#### [TASK]
Print exactly and only the lines that run from the one containing "India reports 8,774" through the end of the material, please, omitting pictures.

#### [AVAILABLE DATA]
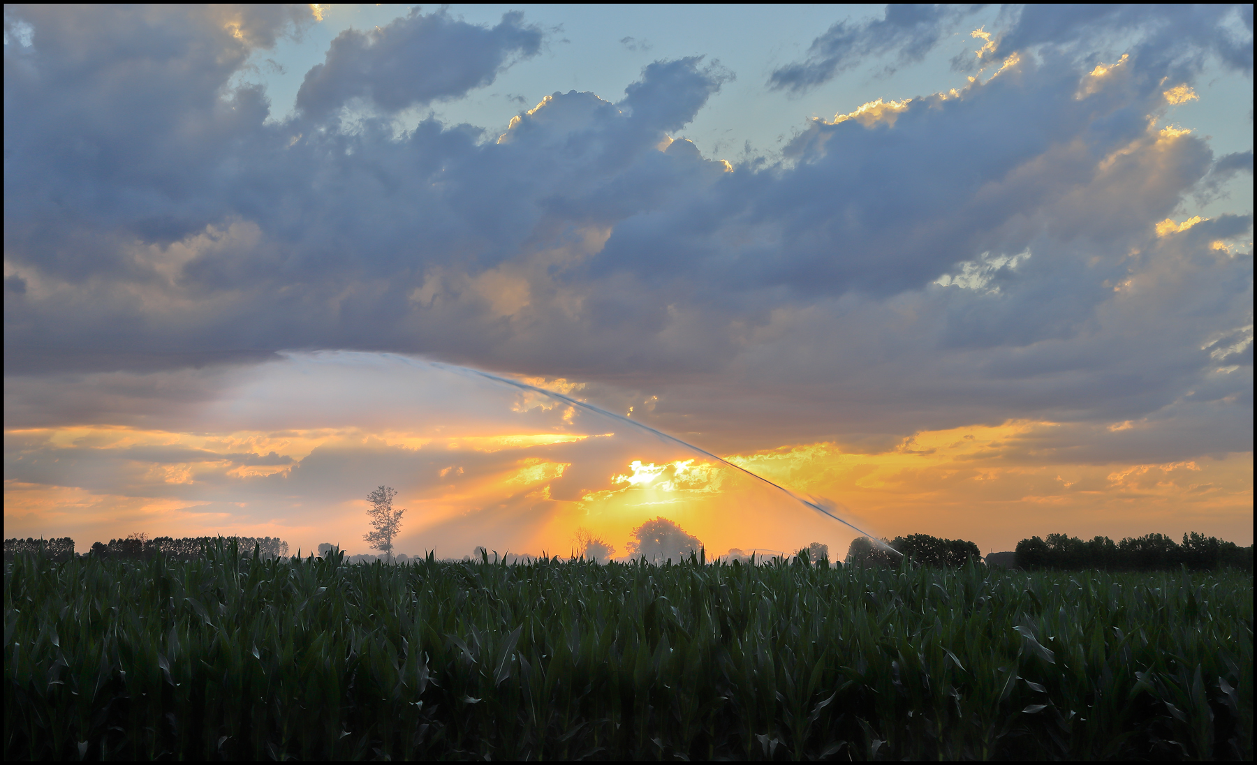 | Mi piacciono i particolari toni morbidi assunti dal granturco ancora giovane in controluce. Bello il ventaglio degli zampilli d'acqua contro la zona arancione di luce del cielo. Un' immagine sicuramente apprezzabile. Ciao, Tiziano |
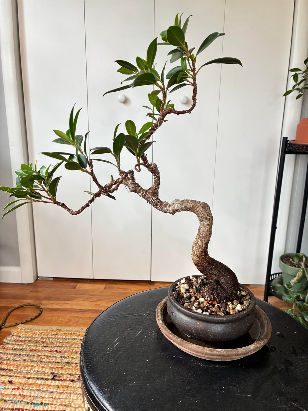 Just repotted my ficus into a much smaller pot but did not have to remove many roots as the current pot was much larger and it hadn’t filled it out yet. I did remove some branches from the tree, my grow room is currently 80 degrees and 50-60% humidity so the ficus have been growing well even for winter. I noticed many new white roots beginning to sprout during the repot so the tree appears quite healthy.
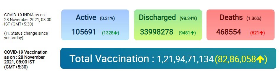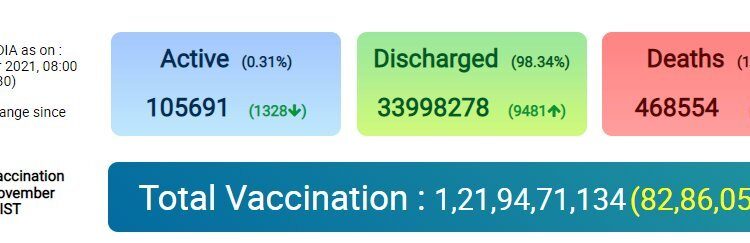 India reports 8,774 new cases, 621 deaths and 9,481 recoveries in the last 24 hours; Active caseload stands at 1,05,691; lowest in 543 days: Ministry of Health and Family Welfare Nation By Editor Last updated Nov 28, 2021 33 Share 33 Share
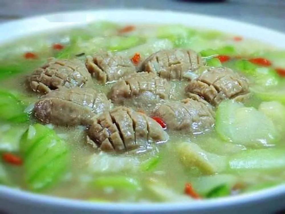 1、枸杞菜捏住顶芽从上往下快速捋去叶子,洗净沥干水; 2、枸杞菜洗净后剪段放入汤锅中; 3、锅中加水至淹过枸杞菜枝子再多点,煮8分钟,捞出枝子扔掉; 4、将枸杞菜叶子放入汤中煮至稍微软身,放入牛肉丸一起煮; 5、煮至叶子完全软身即可关火,加入少许鱼露调味; 6、撒上炸蒜末(蒜头朥)即可上桌。 六、豆腐牛肉丸汤的做法 ▼

#### [SOLUTION BELOW]
 India reports 8,774 new cases, 621 deaths and 9,481 recoveries in the last 24 hours; Active caseload stands at 1,05,691; lowest in 543 days: Ministry of Health and Family Welfare Nation By Editor Last updated Nov 28, 2021 33 Share 33 Share
 1、枸杞菜捏住顶芽从上往下快速捋去叶子,洗净沥干水; 2、枸杞菜洗净后剪段放入汤锅中; 3、锅中加水至淹过枸杞菜枝子再多点,煮8分钟,捞出枝子扔掉; 4、将枸杞菜叶子放入汤中煮至稍微软身,放入牛肉丸一起煮; 5、煮至叶子完全软身即可关火,加入少许鱼露调味; 6、撒上炸蒜末(蒜头朥)即可上桌。 六、豆腐牛肉丸汤的做法 ▼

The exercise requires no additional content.